Your output should consist solely of the lines from the one holding "Funda Plegable Motorola" to the end of the records below, inclusive, reproduced exactly and free of pictures.

::: Study material :::

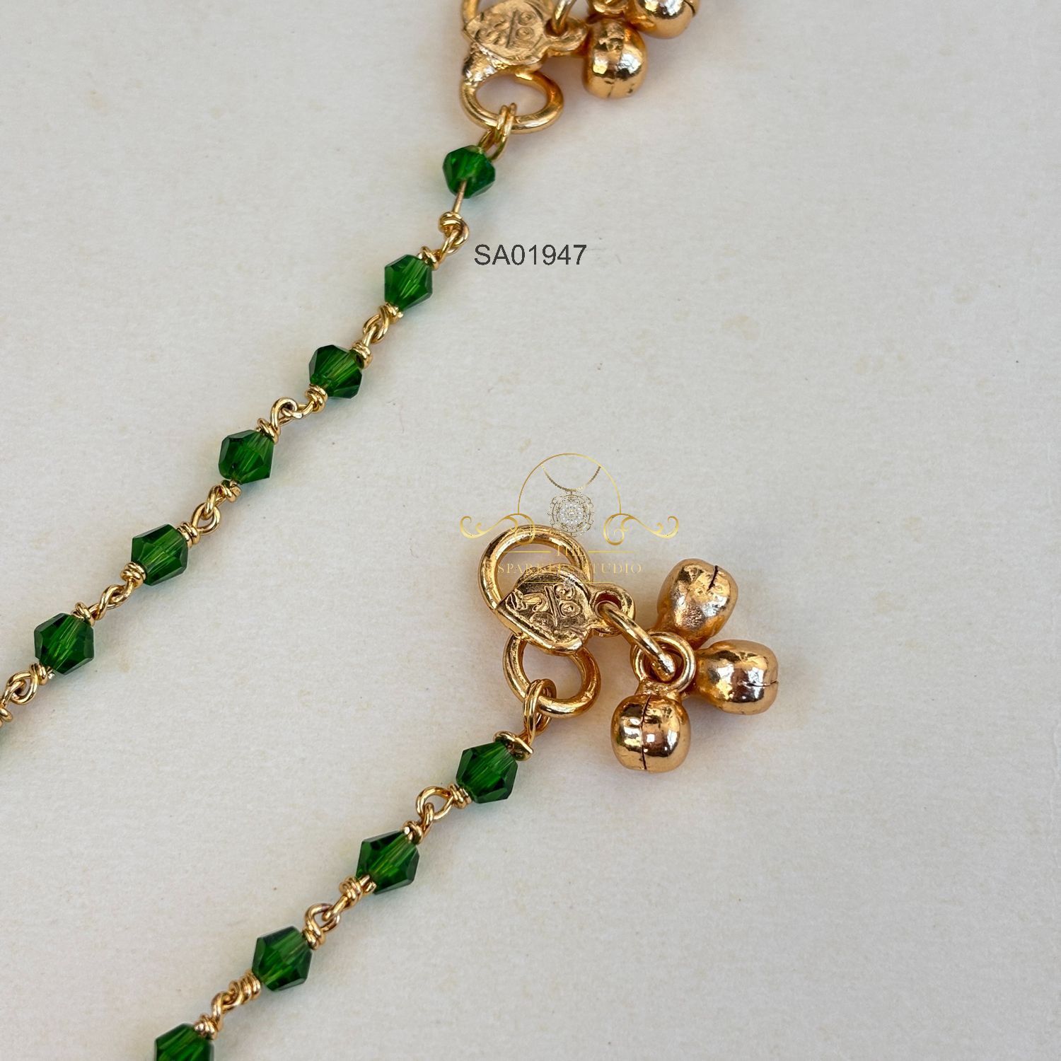 Green Bead Anklets – Delicate anklets adorned with vibrant green beads, adding a fresh pop of color and graceful charm. Perfect for festive looks, ethnic outfits, and everyday elegance with a youthful twist.
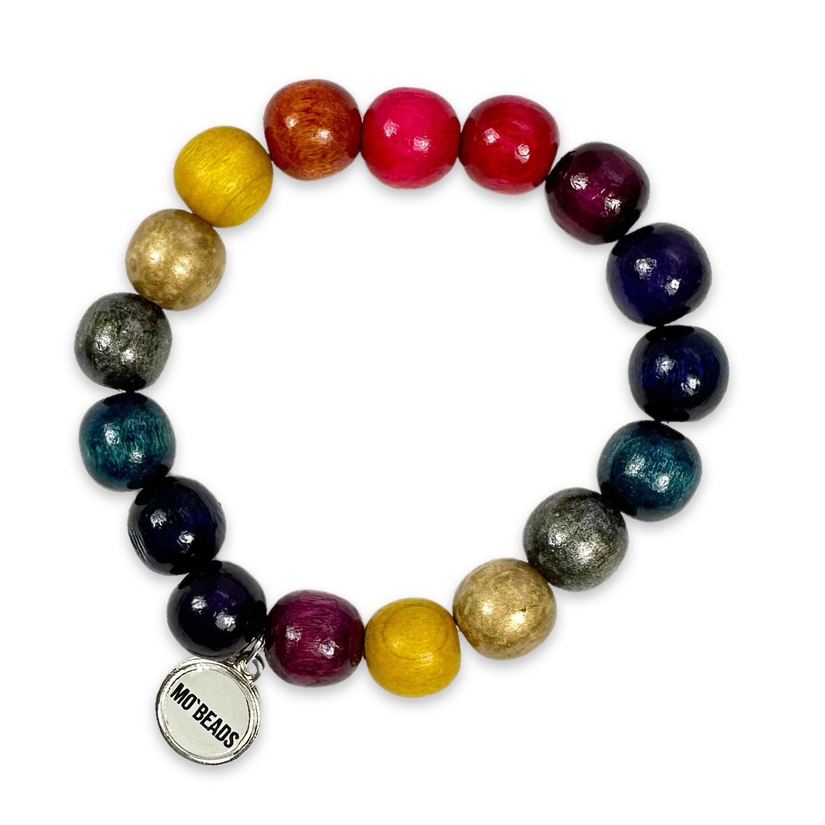 Le bracelet en bois coloré Escapulario de MO`BEADS est assorti à la chaîne de téléphone portable. Le bracelet est composé de 17 perles en bois d'un diamètre de 12 mm.
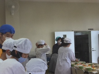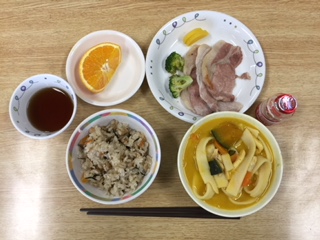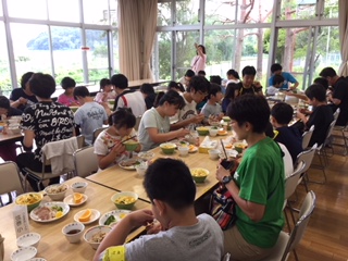 2日目の夕食には、毎年、山梨名物のほうとうがメニューに入ります。1日たくさん歩いたので、とてもお腹がすきました。
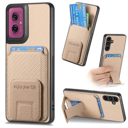 Funda Plegable Motorola Moto G55 con Soporte para Tarjetas Fibra de Carbono (Caqui)
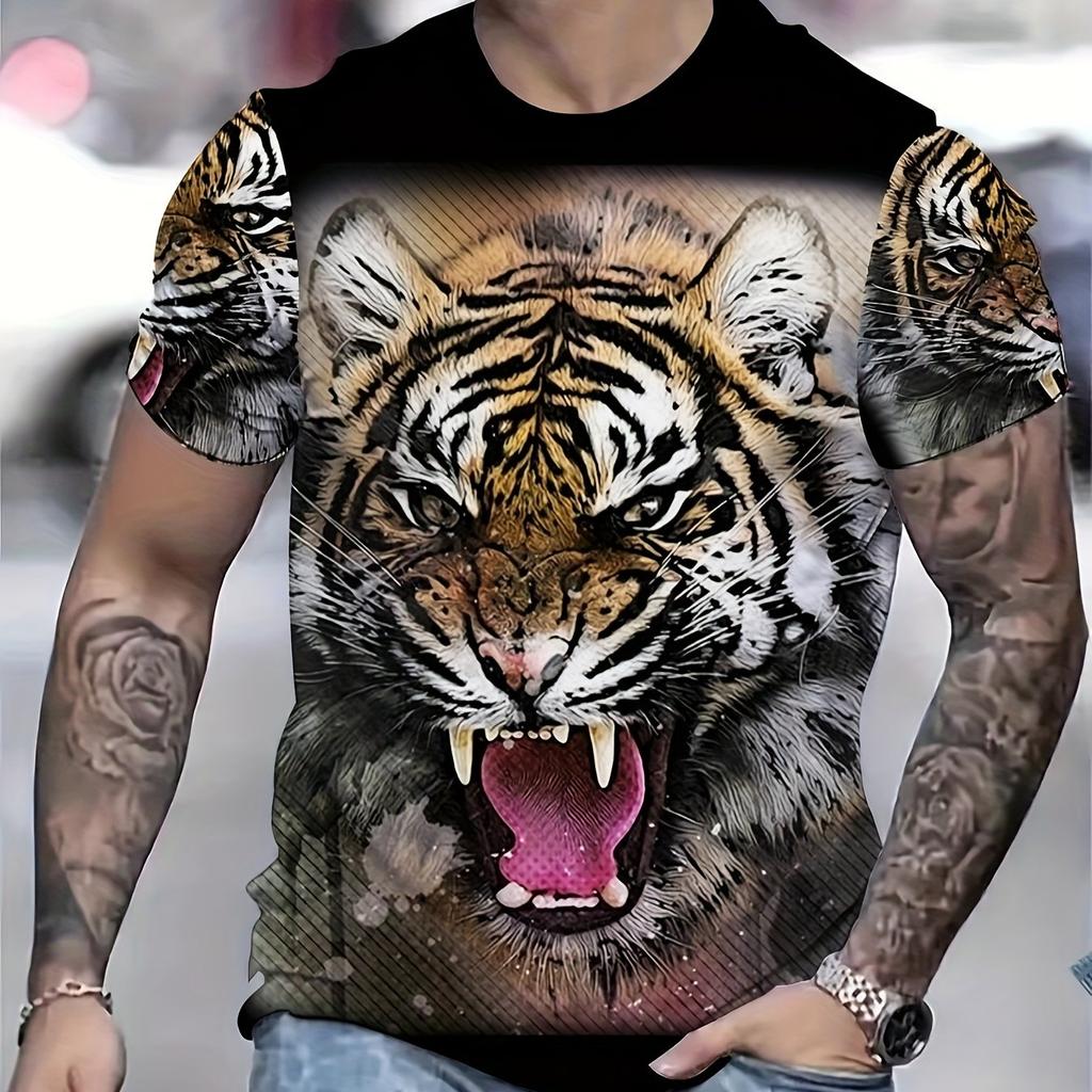 Яркий 3D-графический принт с ревом тигра — короткий рукав, круглый вырез, новинка, летняя футболка для активного отдыха, мужская футболка для повседневной носки

:::

**Expected answer**.
 Funda Plegable Motorola Moto G55 con Soporte para Tarjetas Fibra de Carbono (Caqui)
 Яркий 3D-графический принт с ревом тигра — короткий рукав, круглый вырез, новинка, летняя футболка для активного отдыха, мужская футболка для повседневной носки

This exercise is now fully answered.